Forest-based regression training

In a forest-based approach, creating a model and performing predictions for a continuous variable is a regression approach. The data Training Procedure based on the forest regression method can be used to obtain the forest model according to the data characteristics, and then used for prediction.

When you create a forest-based regression training task, you need to set the following parameters:

Training Dataset: required parameter. The Dataset to be trained accesses Connection Info, including Data Type, Connect Parameter, Dataset name, etc. You can connect HBase data, dsf data, and Local Data. Use '--key=value' to set multiple values using ' 'space Separated. If the connection HBase data is --providerType=hbase --hbase.zookeepers=192.168.12.34:2181 --hbase.catalog=demo --dataset=dltb; The connection dsf data is --providerType=dsf --path=hdfs://ip:9000/dsfdata ; Local Data is --providerType=dsf --path=/home/dsfdata
Data Query Conditions: optional parameter; the specified data can be filtered out for corresponding analysis according to the Query Conditions; attribute conditions and Spatial Query are supported. E.g. SmID < 100 and BBOX(the_geom, 120,30,121,31)。
Explanatory Fields: a required parameter, the field of the explanatory variable. Enter one or more explanatory fields of the training Dataset as the independent variables of the model, which can help predict the category.
Modeling field: a required parameter, which is used to train the field of the model, that is, the dependent variable. This field corresponds to a known (trained) value of a variable that will be used to make predictions at unknown locations.
Number of Trees: Optional parameter, the number of trees to be created in the forest model. Increasing the number of trees will generally produce more accurate model predictions, but will increase the time for model computation. Range of values & gt; 0, default 100.
Depth of the tree: An optional parameter, or the maximum number of partitions made into the tree. The value range is 0-30 and the default value is 30. If you use a larger maximum depth, more divisions will be created, which may increase the likelihood of overfitting the model.
Leaf Node Splitting Threshold: Optional parameter, the minimum number of observations required to retain a leaf (i.e., a terminal node on a tree that is not further split). The value range is > 0 and the default value is 5. For very large data, increasing these values will reduce the runtime of the tool.
Percent of data used per decision tree: Optional parameter that specifies the percentage of elements to be used for each decision tree. The value range is 0-1.0. The default value is 1.0, which means 100% of the data. Use a lower percentage of Input Data for each decision tree: This speeds up the tool for large Datasets.
Distance explanatory variable Dataset: optional parameter, supports point, line and Region Dataset, calculates the Closest distance between the elements of the given Dataset and the elements in the training Dataset, and automatically creates a list of explanatory variables.
Model Save Directory: optional parameter; save the model with good Training Result to this address. An empty value indicates that the Model will not be saved.

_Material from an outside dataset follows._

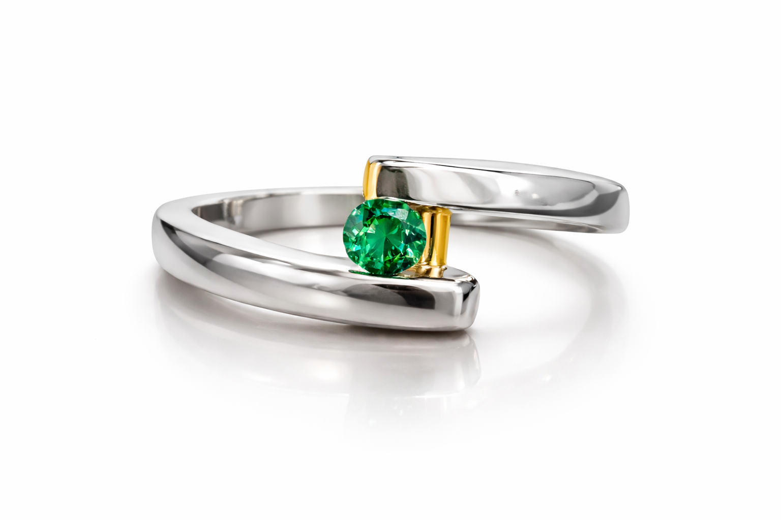 The Verdant Élan Emerald Ring is a striking expression of contemporary elegance. A vivid round-cut green emerald is suspended between fluid curves of high-polish white gold, accented by a refined yellow gold vertical bar that frames the gemstone with architectural precision. The contrast of metals enhances the emerald’s intense, saturated green — creating a bold yet timeless statement.

After executing the training task, the following Result Parameter is output:

fbModelCharacteristics: The attributes of the forest model, including the number of trees numTrees, the minimum sample number leafSize of the leaf nodes of the tree, the maximum depth of the tree maxTreesDepth, and the minimum depth of the tree minTreesDepth.
Variable: The Field array of the forest model, which refers to the field of the independent variable in the training model.
Variable Importances: The field importance refers to the degree of influence of the respective variable characteristics on the dependent variable.
MSE: mean square error, the mean of the squared error between the predicted value and the true value.
RMSE: RMSE, the mean of the square root of the error between the predicted value and the true value.
Mae: mean absolute error, the mean of the absolute value of the error between the predicted value and the true value.
R2: coefficient of determination. According to the value of R2, the quality of the model can be judged. The value range is 0,1. Generally speaking, the larger the R2 is, the better the fitting effect of the model is. R2 reflects how accurate it is, because with the increase of the number of samples, R2 will inevitably increase, which can not really quantitatively explain the degree of accuracy, but can only be roughly quantitative.
explained Variance: explains the variance.